This High Protein Vegetable Soup is a nutritious, protein-packed meal made with lentils, chickpeas, and fresh vegetables. It’s an easy, satisfying option for anyone looking to boost their protein intake while enjoying a variety of flavors. Perfect for a light yet filling meal, this soup is both hearty and customizable.


Ingredients

4 cups vegetable broth

2 cups mixed vegetables (fresh or frozen)

1 cup lentils, rinsed

1 cup chickpeas, drained and rinsed

2 cups fresh spinach, chopped

3 cloves garlic, minced

1 medium onion, diced

2 tablespoons olive oil

1 teaspoon dried thyme

1 teaspoon dried oregano

Salt, to taste

Black pepper, to taste

1 tablespoon lemon juice (optional)


Instructions

  1. In a large pot, heat olive oil over medium heat.

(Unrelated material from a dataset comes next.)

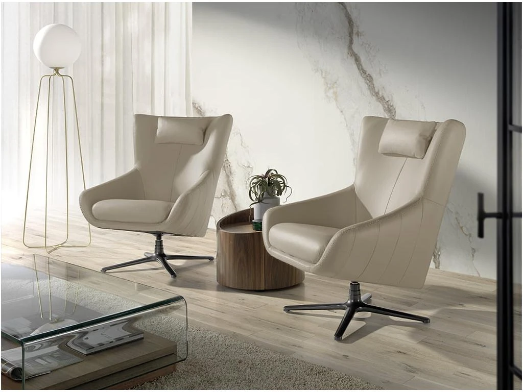 Fauteuil pivotant tapissé en cuir taupe de 1,5mm d’épaisseur. Le confort supplémentaire est assuré par son assise et son dossier rembourrés de mousse polyuréthane de 25kg/m3, ainsi que par son coussin d’appui-tête inclus. Sa base en acier inoxydable foncé apportera la touche d’avant-garde et d’élégance que vous recherchez pour votre intérieur. Ce fauteuil design moderne d’Angel Cerdá combine le style et la personnalité uniques de la marque, ainsi que le plus grand confort et la plus grande stabilité, grâce au rembourrage souple et à la structure originale des pieds.

Add the diced onion and minced garlic, sautéing for 3-4 minutes until softened.
  2. Stir in the rinsed lentils and cook for an additional 2 minutes.
  3. Pour in the vegetable broth and bring to a boil. Once boiling, reduce the heat and simmer for about 15 minutes.
  4. Add the mixed vegetables and chickpeas, and continue to simmer for another 10-15 minutes until everything is tender.
  5. Stir in the chopped spinach, dried thyme, and oregano, and cook for an additional 5 minutes.
  6. Season with salt, black pepper, and lemon juice (if desired). Serve warm and enjoy!

Notes

Customize the vegetables: Add or substitute vegetables like carrots, zucchini, or bell peppers.

Spicy version: Add chili peppers, hot sauce, or red pepper flakes for heat.

Creamy version: Add coconut milk or blend part of the soup for a creamy texture.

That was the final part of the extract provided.